The Petroleum University of Technology () is an Iranian public university funded by the Ministry of Petroleum particularly by its main company, the NIOC. It was  founded in 1939 in Abadan in response to the increasing industrialization of Iran oil company, and is officially the second oldest university in Iran after University of Tehran and based on The Center for World University Rankings (CWUR), this university has the seventh worldwide rank in oil and gas sector and petroleum engineering. According to QS World University Rankings 2020 for petroleum engineering programs, PUT has not been placed among the top 100 universities. It offers B.Sc., M.S and Doctorate programs for upstream and downstream oil and gas industry such as petroleum engineering, chemical engineering,  offshore engineering,  instrumentation engineering, mechanical engineering, electrical engineering, accounting, and marine engineering.

It has four campuses in Ahwaz, Abadan, Tehran and Mahmudabad and some research centers.

History 

The name of the university has been changed several times.

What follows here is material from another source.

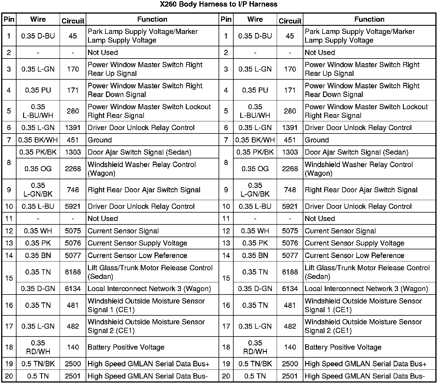 X260 Body Harness to I/P Harness
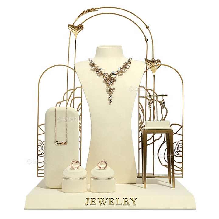 Présentoir à bijoux en métal de haute qualité, usine de présentoirs de luxe en velours et résine, présentoirs à bijoux personnalisés avec logo autocollant en métal

The university was established in 1939 in Abadan as Abadan Technical School. The academic program comprised working and studying in sequence. The students (if employed) spent two-fifths of the academic program in the school and three-fifths in the Abadan Refinery ( Pālāyeshgāh-e Ābādān) as trainees.

In 1956, the new curriculum was prepared by Lafayette College of Pennsylvania for two years of pre engineering and four years of general engineering. The curriculum was approved by National Iranian Oil Company and 79 students out of several thousand applicants were selected based on written test and interview. The name was changed to Abadan Institute of Technology (AIT). By then, the educational program focused on the general engineering major; admissions were given to fourth grade high school students after passing an entry test and interviews. The last admissions of the program were granted in 1961 and the first students graduated in 1962.

In 1962, the new program was introduced that offered B.S. degrees in petroleum engineering, economic and administrative sciences and accounting. The programs was still internship-orientated.

After the outbreak of the War, the university was relocated. It was first moved to Gachsaran in 1981. The universities all over the country reopened in December 1982 and the university moved to the current location of Ahwaz Faculty of Petroleum in Kut-e Abdollah, Karun County.

After the War, in 1989, the Ministry of Culture and Higher Education granted permission to found the Petroleum University of Technology. All the educational institutions of the Ministry of Petroleum are supervised by the university. Ministry of Petroleum, then founded the Abadan Shahid Tondghuyan Faculty of Chemical and Petrochemical Engineering or Abadan Faculty of Petroleum in February 1992 in the location of the former Abadan Institute of Technology and The Research Center of Petroleum University of Technology in the campus of the current Ahwaz Faculty of Petroleum in 1993.

Today
As of 2015, the Petroleum University of Technology consists of four faculties in cities that offer 13 undergraduate, 11 graduate and three doctorate programs:
 Ahvaz Faculty of Petroleum (or PUT Ahvaz), 
 Abadan Faculty of Petroleum (or PUT Abadan),
 Tehran Faculty of Petroleum (N.I.O.C. school of Accounting and Finance ) (or PUT Tehran),
 Mahmudabad Faculty of Marine Sciences (or PUT Mahmudabad).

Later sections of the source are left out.